Why recovery is asymmetric
Losses and the gains that repair them are not mirror images. The gain required to recover a drawdown D is D / (1 - D). A 10% drawdown needs an 11.1% gain (0.10 / 0.90). A 25% drawdown needs 33.3% (0.25 / 0.75). A 50% drawdown needs 100%: half the money is gone, so what remains must double. An 80% drawdown needs 400% (0.80 / 0.20) — a five-fold move on what is left, just to reach the old peak.
Run the $64,000 example forward. Sitting at $48,000, a 10%-a-year average return sounds like a quick repair. But 10% on $48,000 is only $4,800, and three straight years of compounding at 10% takes the account to $48,000 × 1.1 × 1.1 × 1.1 = $63,888 — still below the old peak after three above-average years. The dollars lost were peak dollars; the dollars earned back start from the trough.
The asymmetry is why deep drawdowns dominate long-run compounding. Cutting a strategy's max drawdown from 50% to 25% does not halve the damage; it cuts the required recovery from 100% to 33.3%. Two strategies with identical average returns but different drawdown profiles finish in very different places, because the deeper one keeps restarting its compounding from a lower base.

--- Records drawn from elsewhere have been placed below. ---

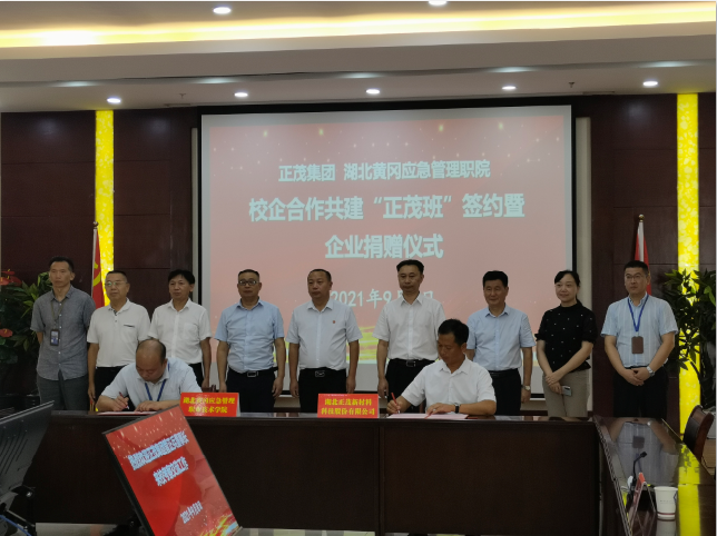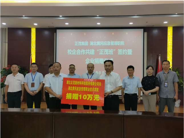 2021年9月8日上午,在湖北黃岡應(yīng)急管理職院七樓會議室,校黨委書記陳紅激情熱烈地歡迎湖北正茂新材料科技有限公司董事長管正兵一行的到來。緊接著公司董事長管正兵發(fā)表了熱情洋溢的講話,雙方就校企合作,開設(shè)“正茂班”有關(guān)話題達(dá)成共識,并舉行了校企合作共建“正茂班”簽約及捐贈。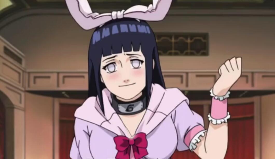 这一套是在彩蛋里出现的,没想到性格内敛的雏田居然会穿上女仆装,戴着兔耳朵,胸前还别着一朵玫红的蝴蝶结,大秀身材的同时还不忘害羞微笑,看到鸣人都脸红后,自信心增加不少。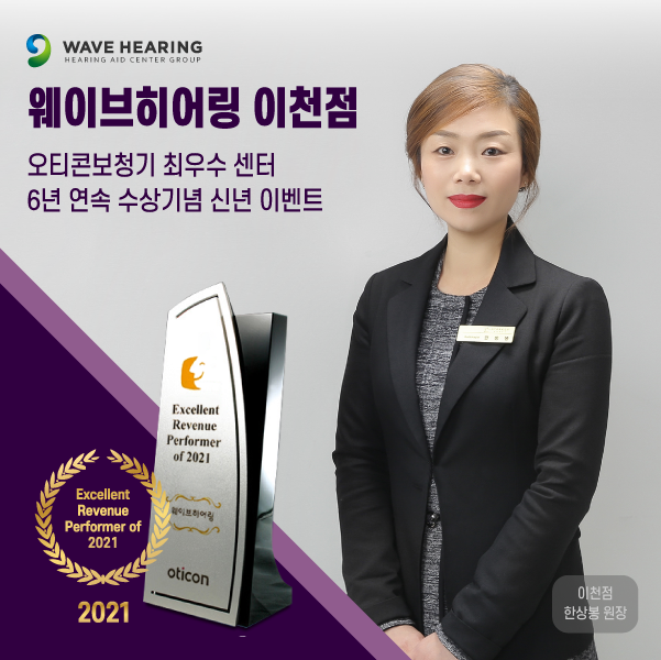 청각/보청기 전문가그룹 웨이브히어링 이천점(오티콘보청기 이천점)은 지난 9일 비대면 온라인으로 개최된 2022 오티콘보청기 세미나에서 6년 연속 최우수 센터상을 수상했다고 밝혔다.
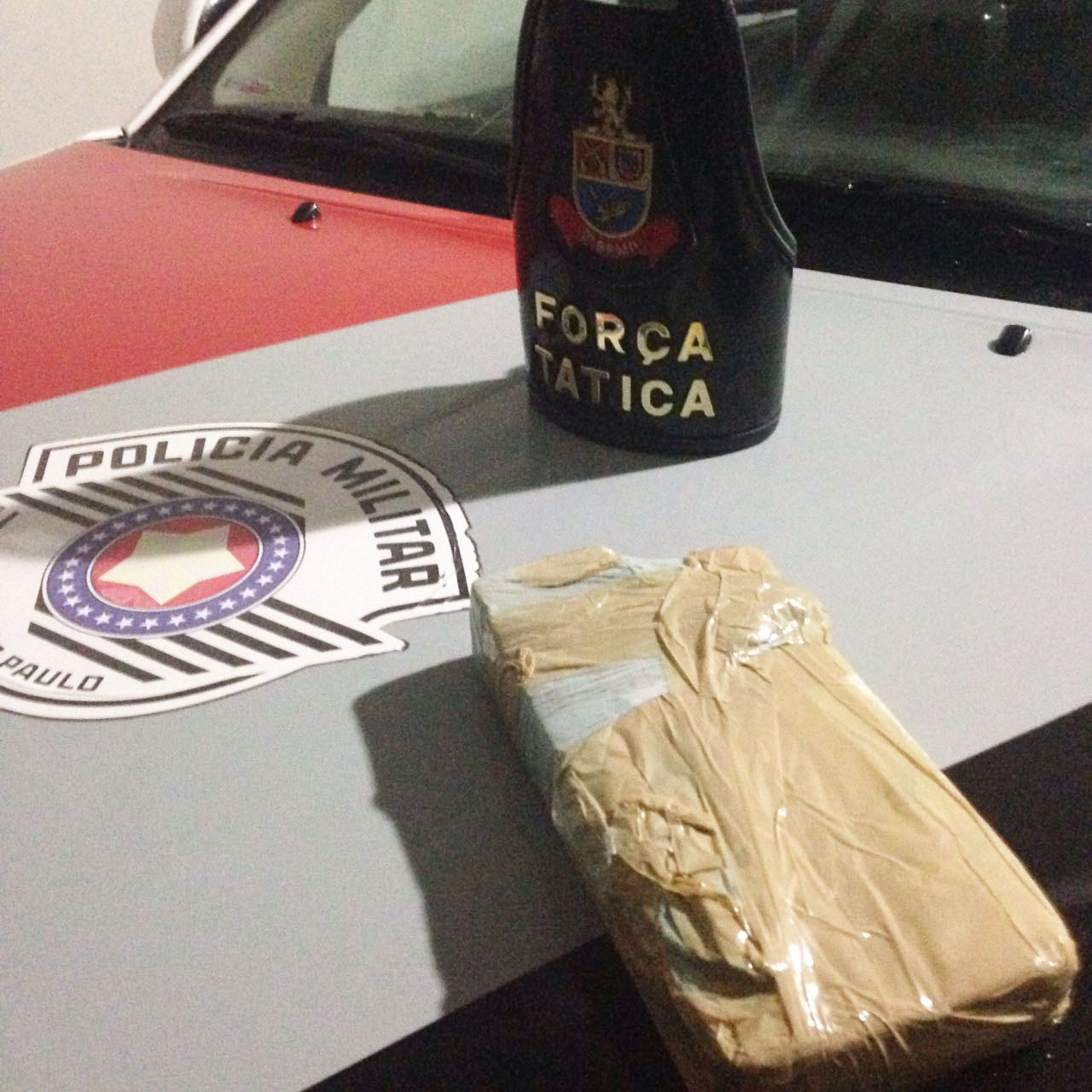 Após um cerco policial na região, o rapaz foi detido com uma mochila, sendo que em seu interior carregava o tijolo prensado com 1,1 kg de cocaína pura para venda.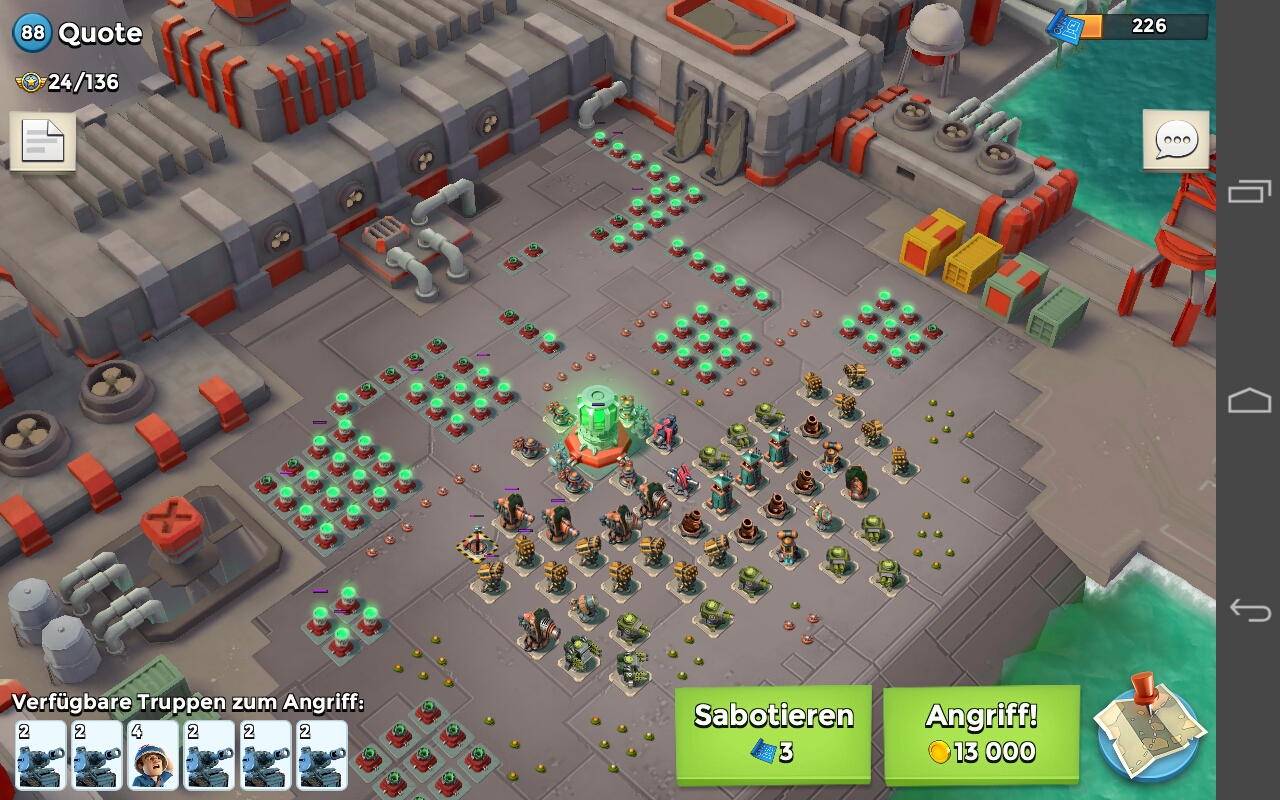 als unser Kommando im Aufbau war, haben wir uns auch immer an Quote die Zähne ausgebissen. Zu der Zeit haben die meisten mit SG und Zookas angegriffen. Die wenigsten mit Panzer/Sanis, da diese noch nicht so weit aufgelevelt waren. Glücklicherweise hatten wir auch drei Spieler, die ihre Truppen voll aufgelevelt hatten. Heute lösen wir Quote meistens mit Panzer.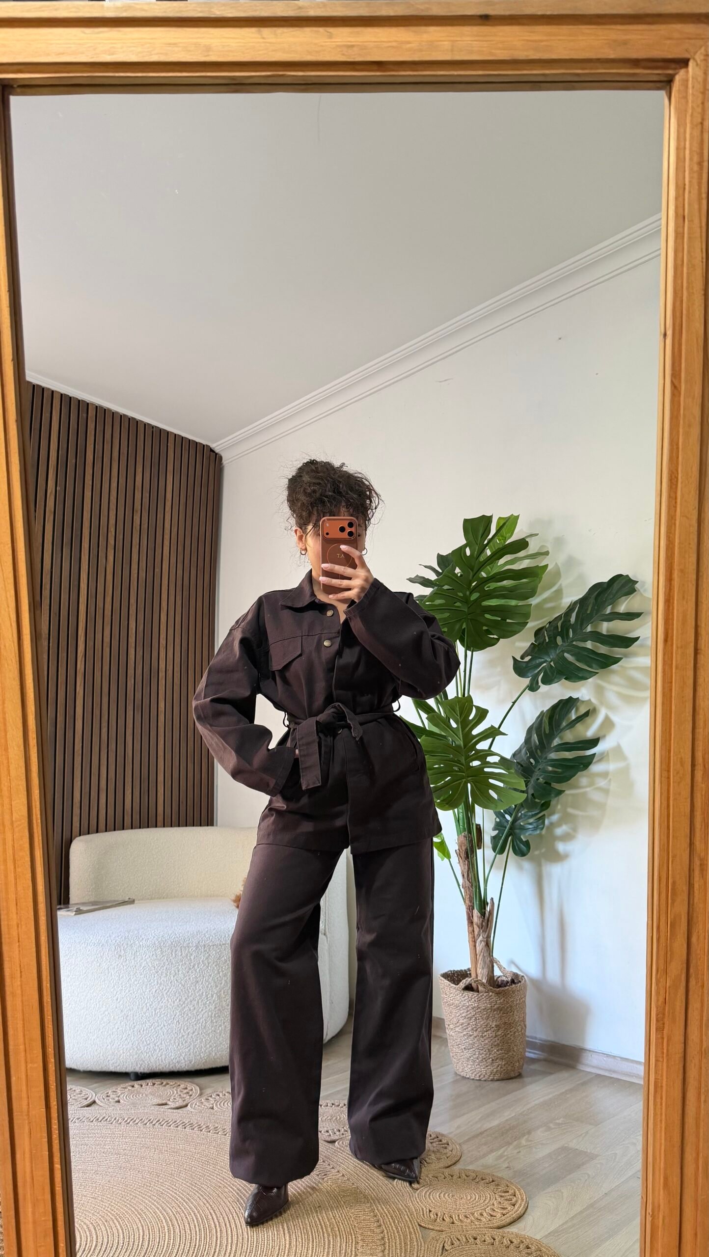 Takım; belden bağlamalı, kuşaklı, gömlek yaka bir ceket ve dökümlü bol paça bir pantolondan oluşur. İster takım olarak giyerek bütünlüklü bir şıklık yakalayın, ister parçaları ayrı ayrı kullanarak farklı kombinler oluşturun.
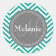 Adesivo Redondo Azul Teal e Cinza Monograma Zigzag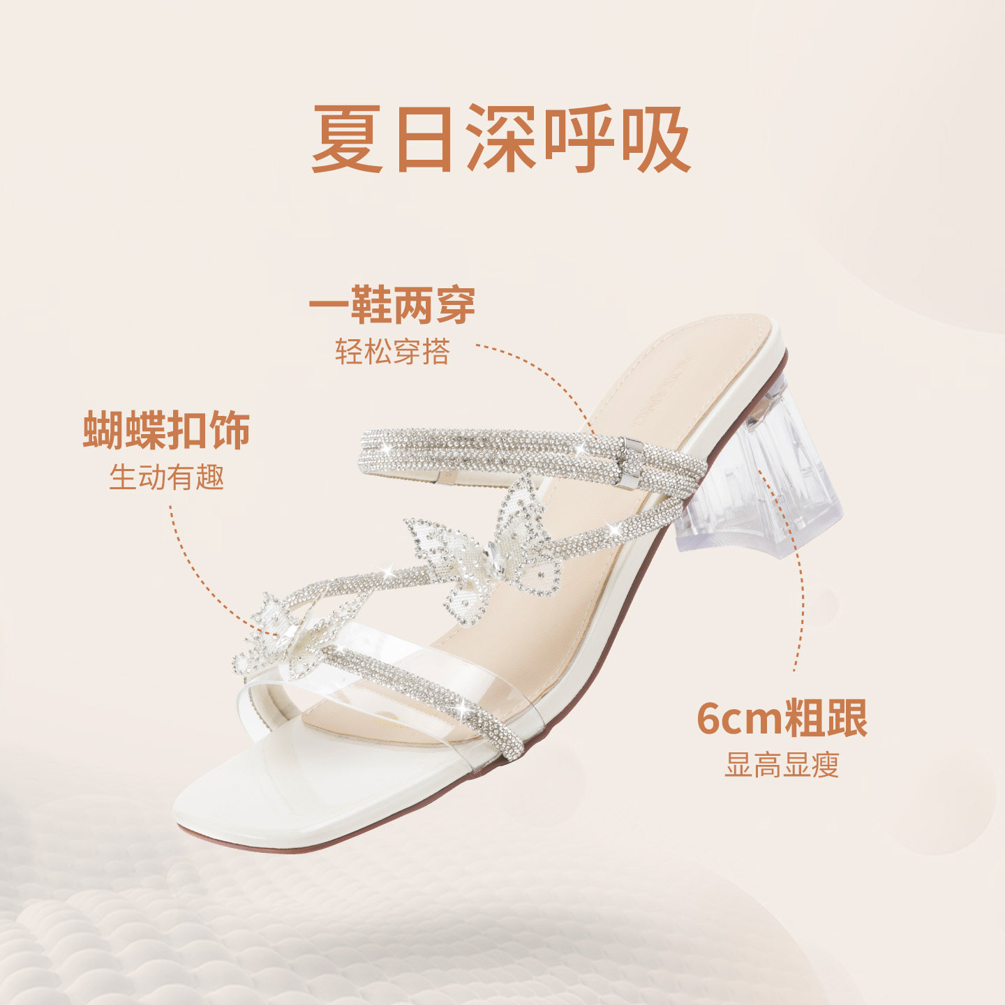奥康 女鞋2026夏季新款中粗跟水钻蝴蝶装饰两穿西式婚礼凉拖鞋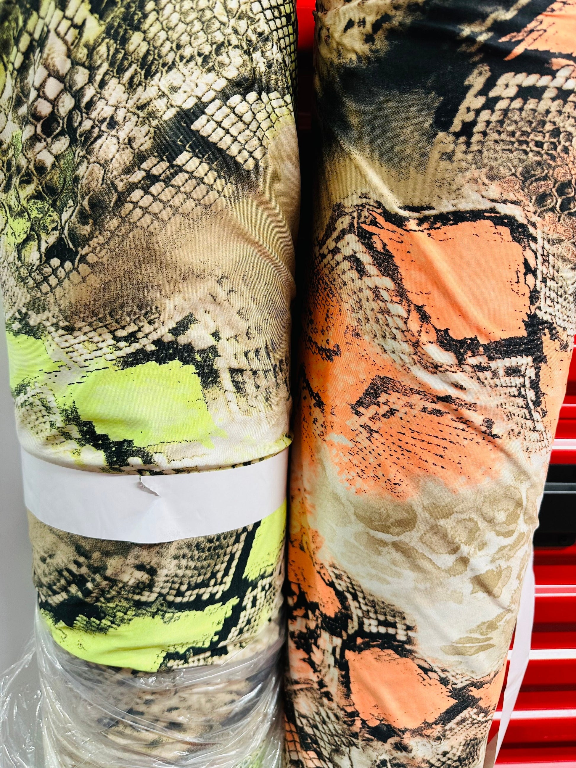 Exotic Cobra snake design Taupe/Neon Orange & Taupe/Neon green print on great quality of poly spandex light weight 4-way stretch 58/60” Sold by the YD. Ships worldwide from Los Angeles California USA

Max drawdown: the number that ends careers
Professional money dies by drawdown, not by average return. Allocators commonly pull capital somewhere between a 15% and 25% drawdown regardless of the story attached, and prop firms routinely cut traders at 5% to 10%. The manager may be running a sound system through an ordinary bad stretch; the capital leaves anyway, and the recovery that would have vindicated the system happens without them.
Retail accounts run the same mechanism with a different trigger: the account holder quits. Behavior at -40% is not behavior at -10%. The arithmetic of the previous section explains the surrender — at -50% the path back is a double, and a trader who got there by oversizing has no reason to believe the same process will now produce a clean +100%. Max drawdown ends careers because it is the point where either the capital or the conviction runs out, and it rarely announces which one first.
Sizing so your worst streak is survivable
Work backward from the streak, not forward from the win rate. A system that wins 40% of the time will lose ten in a row eventually: the chance of ten straight losses starting from any given trade is 0.6^10, about 0.6%, and across a 400-trade year that streak is more likely than not to appear at least once. The sizing question is what ten straight losses does to the account.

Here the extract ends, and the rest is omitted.